**TASK DESCRIPTION**
Hand back every line from the beginning of the data below through the line containing "Unaudited condensed consolidated", word for word and free of pictures.

**Stored dataset items**
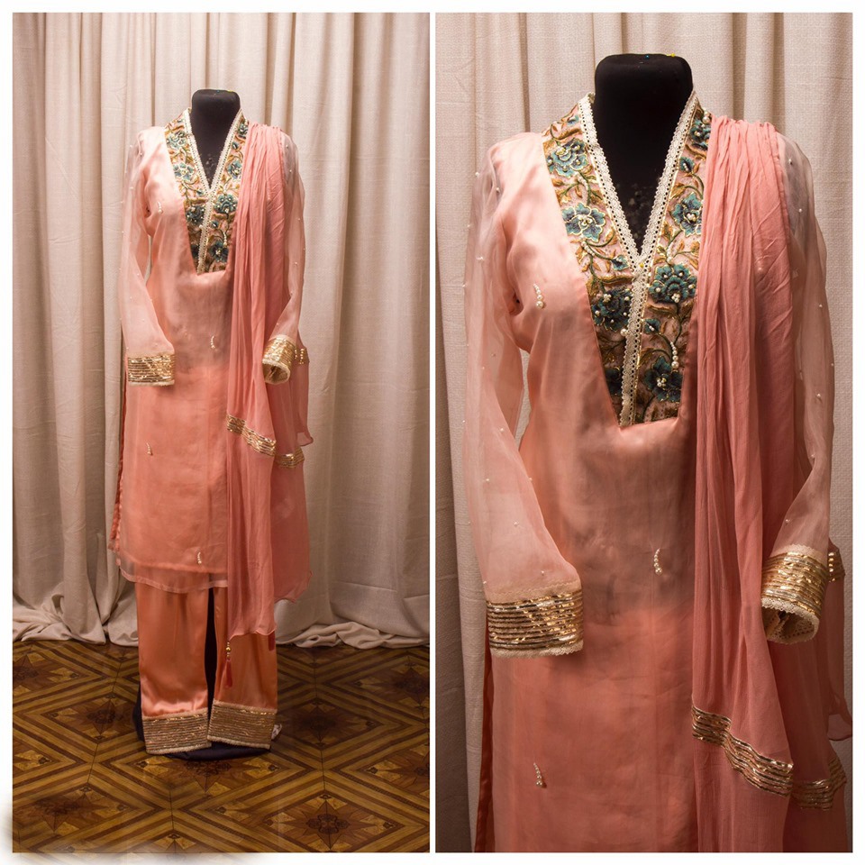 Composition- Muslin kameez,charmeuse silk pants and pure chiffon dupatta.
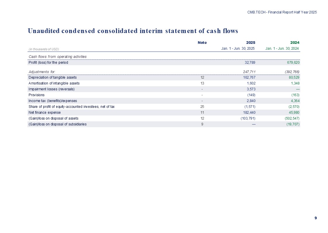 Unaudited condensed consolidated interim statement of cash flows  (in thousands of USD)  Note  2025  Jan. 1 - Jun. 30, 2025  2024  Jan. 1 - Jun. 30, 2024  Cash flows from operating activities  Profit (loss) for the period  32,789  679,620  Adjustments for:  247,711  (392,766)  Depreciation of tangible assets  12  162,767  80,529  Amortisation of intangible assets  13  1,602  1,348  Impairment losses (reversals)  -  3,573  —  Provisions  -  (149)  (163)  Income tax (benefits)/expenses  -  2,840  4,364  Share of profit of equity-accounted investees, net of tax  25  (1,571)  (2,570)  Net finance expense  11  182,440  45,980  (Gain)/loss on disposal of assets  12  (103,791)  (502,547)  (Gain)/loss on disposal of subsidiaries  9  —  (19,707)  CMB.TECH - Financial Report Half Year 2025  9
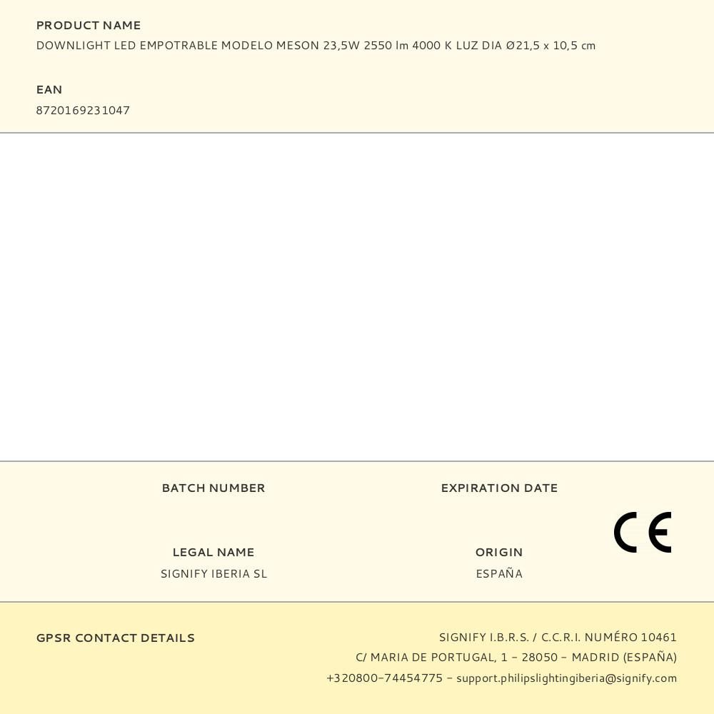 DOWNLIGHT DE EMPOTRAR DE LED 23,5W 2550lm 4000K LUZ DIA MOD. MESON. FABRICADO EN PLASTICO, COLOR BLANCO, 15000h. ANGULO APERTURA 110° , IRC80, NO REGULABLE MEDIDAS: Ø21,5x10,5cm (diámetro/alto) ENCLAVAMIENTO Ø20cm. GRADO DE PROTECCION: IP20. + TENSION: 220-240V. PHILIPS
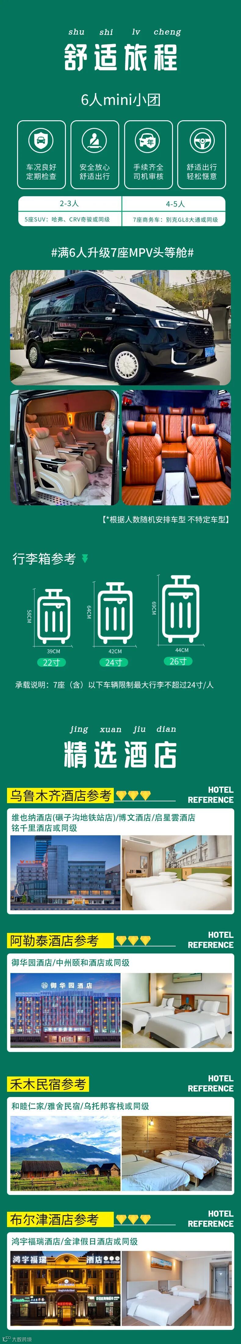 3、用车:2-3人用5座SUV,4-5人用7座商务车,6人升级大7座头等舱(小团副驾驶及前后座位置需要轮流乘坐,望悉知);
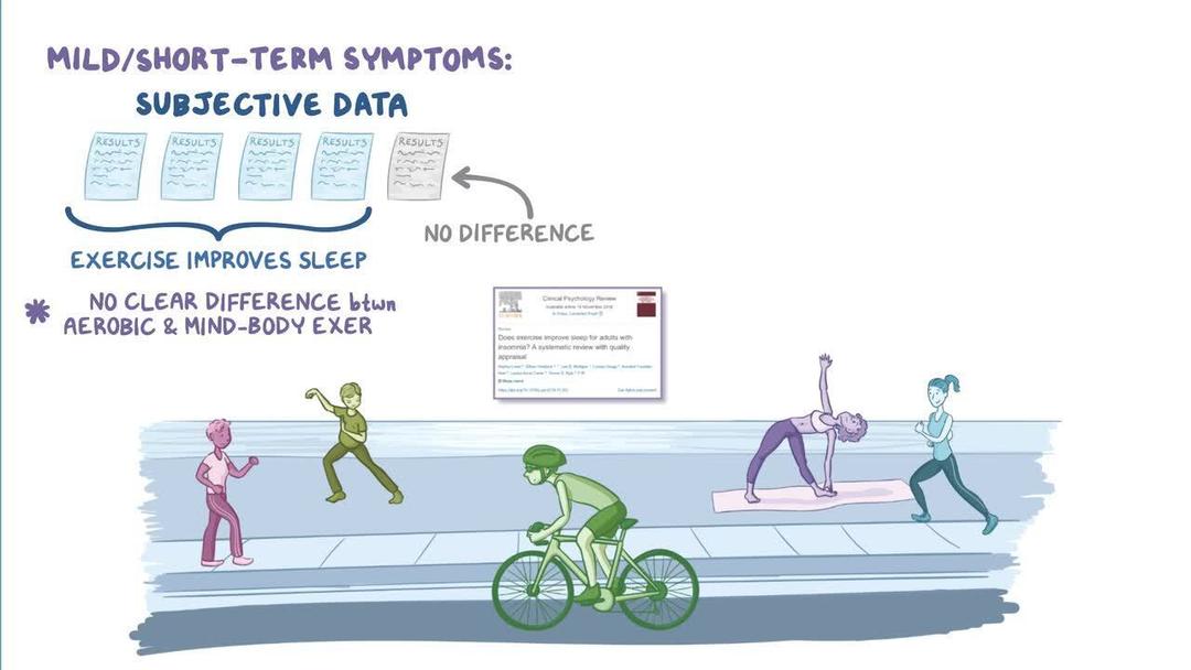 To answer this question researchers looked at a number of studies that explored the link between exercise and symptoms of insomnia or insomnia disorder. They specifically looked at randomised clinical trials, where at least 30 minutes of either aerobic exercise, like cycling, or mind-body exercise, like yoga or Tai chi, were done per session, for at least 120 total minutes a week for several weeks, to see if that improved overall sleep in adults with insomnia. To measure sleep quality, the studies either used subjective data, like questionnaires and diaries or objective data, like actigraphy, which measures body movement through the night, or polysomnography, which measures brain waves, heart rate, and breathing through the night.
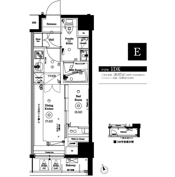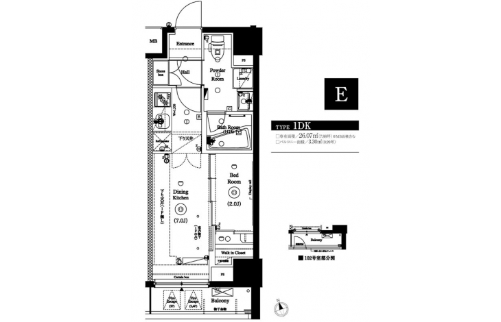 | 専有面積 | 26.07m² | バルコニー面積 | 3.30m² |

**COMPLETED EXERCISE**
 Composition- Muslin kameez,charmeuse silk pants and pure chiffon dupatta.
 Unaudited condensed consolidated interim statement of cash flows  (in thousands of USD)  Note  2025  Jan. 1 - Jun. 30, 2025  2024  Jan. 1 - Jun. 30, 2024  Cash flows from operating activities  Profit (loss) for the period  32,789  679,620  Adjustments for:  247,711  (392,766)  Depreciation of tangible assets  12  162,767  80,529  Amortisation of intangible assets  13  1,602  1,348  Impairment losses (reversals)  -  3,573  —  Provisions  -  (149)  (163)  Income tax (benefits)/expenses  -  2,840  4,364  Share of profit of equity-accounted investees, net of tax  25  (1,571)  (2,570)  Net finance expense  11  182,440  45,980  (Gain)/loss on disposal of assets  12  (103,791)  (502,547)  (Gain)/loss on disposal of subsidiaries  9  —  (19,707)  CMB.TECH - Financial Report Half Year 2025  9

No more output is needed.